This question is taken from Aluffi.

$\mathbb{Z}^{\oplus \mathbb{N}}$ is defined as

$$\{ \alpha \colon \mathbb{N} \to \mathbb{Z} \mid \alpha(n) \neq 0 \textrm{ for only finitely many elements } n \in \mathbb{N}\}$$

with the group operation $(\alpha + \beta) (n) = \alpha(n) + \beta(n)$, and it forms the free group of $\mathbb{N}$.

I have tried to show the isomorphism by defining group homomorphisms $\phi \colon \mathbb{Z}^{\oplus \mathbb{N}} \times \mathbb{Z}^{\oplus \mathbb{N}} \to \mathbb{Z}^{\oplus \mathbb{N}}$ by $\phi(\alpha,\beta) = \alpha + \beta$ and $\psi \colon \mathbb{Z}^{\oplus \mathbb{N}} \times \mathbb{Z}^{\oplus \mathbb{N}} \to \mathbb{Z}^{\oplus \mathbb{N}}$ by $\psi(\alpha) = (\alpha, \alpha)$. However, the first homomorphism is not injective while the second isn't surjective.

Answer 1

$\newcommand{\NN}{\mathbb{N}}$ $\newcommand{\ZZ}{\mathbb{Z}}$

The key is to notice that $\ZZ^{\oplus\NN}\times\ZZ^{\oplus\NN}$ is just $\NN$-many copies of $\ZZ$, and $\ZZ^{\oplus\NN}$ is also just $\NN$-many copies of $\ZZ$. Concretely, $\ZZ^{\oplus\NN}$ is indexed by $\NN$, whereas $\ZZ^{\oplus\NN}\times\ZZ^{\oplus\NN}$ is indexed by two copies of $\NN$, so it's indexed by $\NN\sqcup\NN$, where $\sqcup$ denotes disjoint union.

The fact that "$\NN$-many copies of $\ZZ$ is isomorphic to $\NN\sqcup\NN$-copies of $\ZZ$" relies on the fact that $\NN$ and $\NN\sqcup\NN$ have the same cardinality, which in turn relies on the fact that there is a bijection between $\NN$ and $\NN\sqcup\NN$. Let $i_1,i_2 : \NN\hookrightarrow\NN\sqcup\NN$ denote the two injections of $\NN$ into each copy of $\NN$ inside $\NN\sqcup\NN$. Then, for example, the map $f : \NN\rightarrow\NN\sqcup\NN$ given by $$f(n)\ = \left\{\begin{array}{ll} i_1\left(\frac{n}{2}\right) & \text{if $n$ is even} \\ i_2\left(\frac{n+1}{2}\right) & \text{if $n$ is odd} \end{array}\right.$$

is a bijection.

Then, you can define $\phi : \ZZ^{\oplus\NN}\rightarrow\ZZ^{\oplus\NN}\times\ZZ^{\oplus\NN}$ as follows:

$$\phi(a_1,a_2,a_3,\ldots) = \phi(a_{f(1)},a_{f(2)},a_{f(3)},\ldots)$$ where recall that $\ZZ^{\oplus\NN}\times\ZZ^{\oplus\NN}$ is indexed by $\NN\sqcup\NN$.

Here's another way to think about $\phi$. Let $j_1,j_2$ denote the natural injections $$j_k : \ZZ^{\oplus\NN}\hookrightarrow\ZZ^{\oplus\NN}\times\ZZ^{\oplus\NN}$$ (For any group $A$, there are two "obvious" natural injections $A\rightarrow A\times A$).
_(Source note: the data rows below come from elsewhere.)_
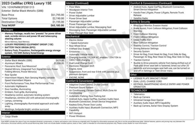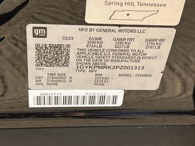 - VIN : 1GYKPMRK2PZ001313
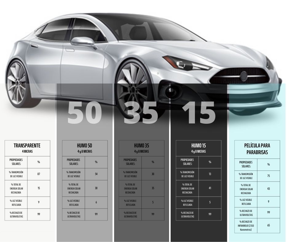 -Las películas reducen el Calor, no la visibilidad. Ayudan a mantener la temperatura en superficies interiores de vehículos mucho más fresco en comparación con vidrios desprotegidos.
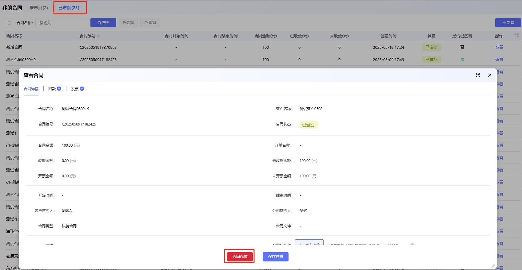 对于已经通过的合同,可以通过点击合同详情的「合同作废」来把该合同作废掉不进行后续的操作。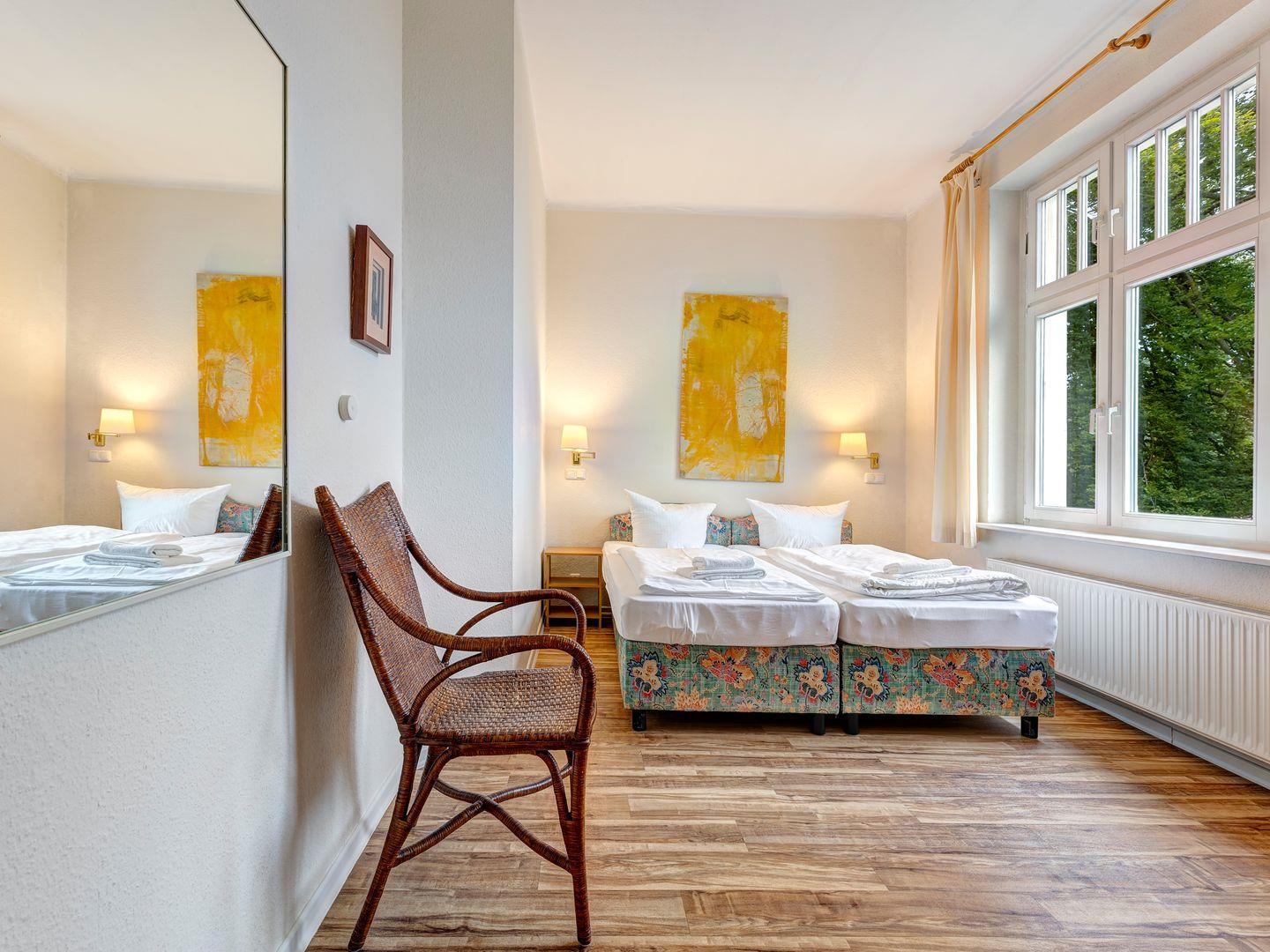 - das helle Schlafzimmer ist mit zwei nebeneinander stehenden Einzelbetten ausgestattet, die durch ein gemeinsames Kopfteil verbunden sind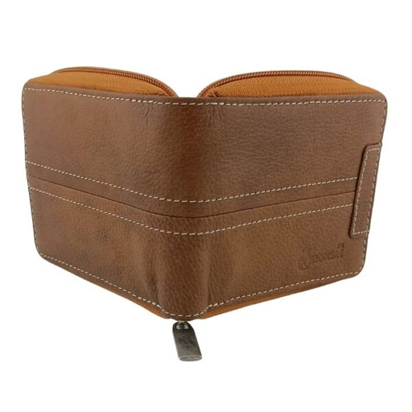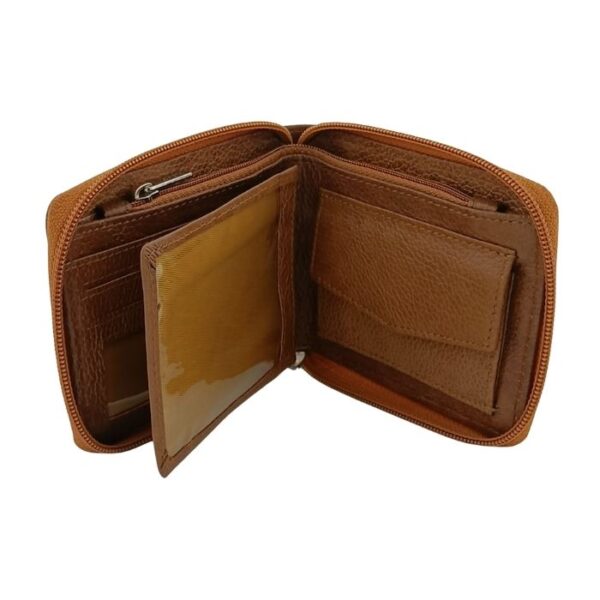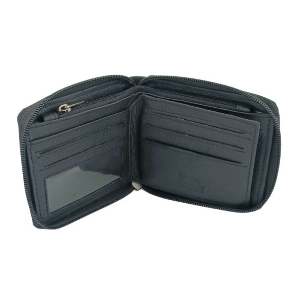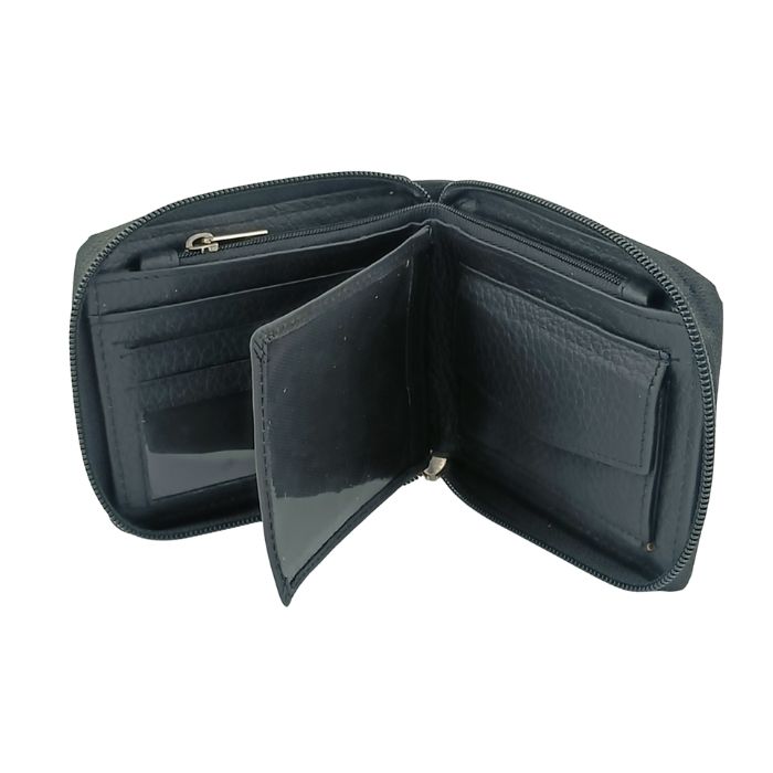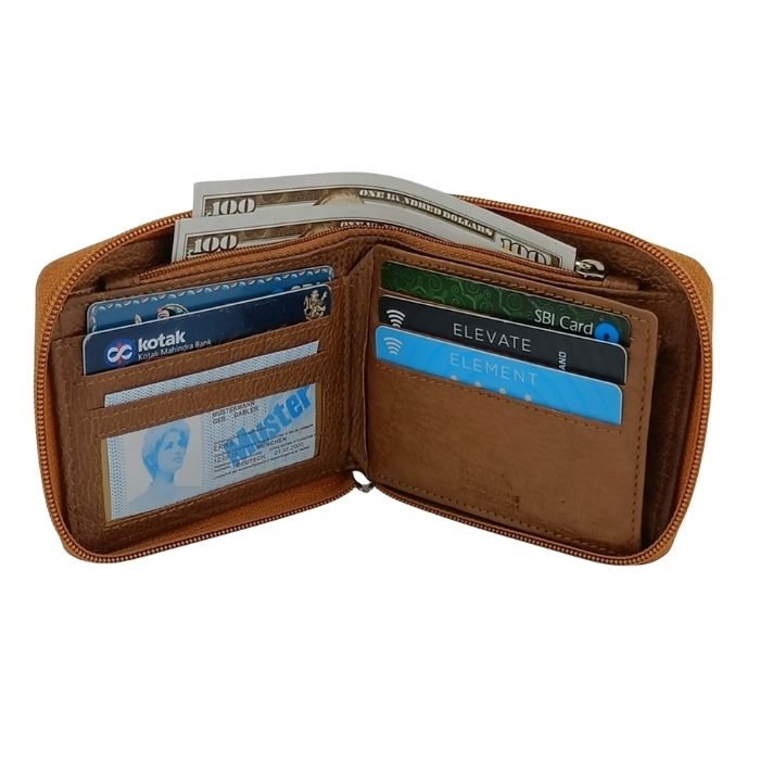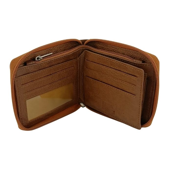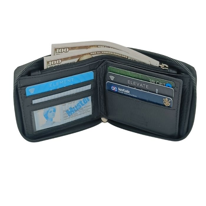 This wallet is designed to protect your cards and cash in style. It features a secure zip-around design. It features RFID blocking layers as well as a coin pocket and transparent identification window.

Let $e_i\in\ZZ^{\oplus\NN}$ denote the usual basis vector with a 1 in the $i$th position and 0's everywhere else. Then

$$\phi(e_i)\ = \left\{\begin{array}{ll} j_1\left(e_{\frac{n}{2}}\right) & \text{if $n$ is even} \\ j_2\left(e_{\frac{n+1}{2}}\right) & \text{if $n$ is odd} \end{array}\right.$$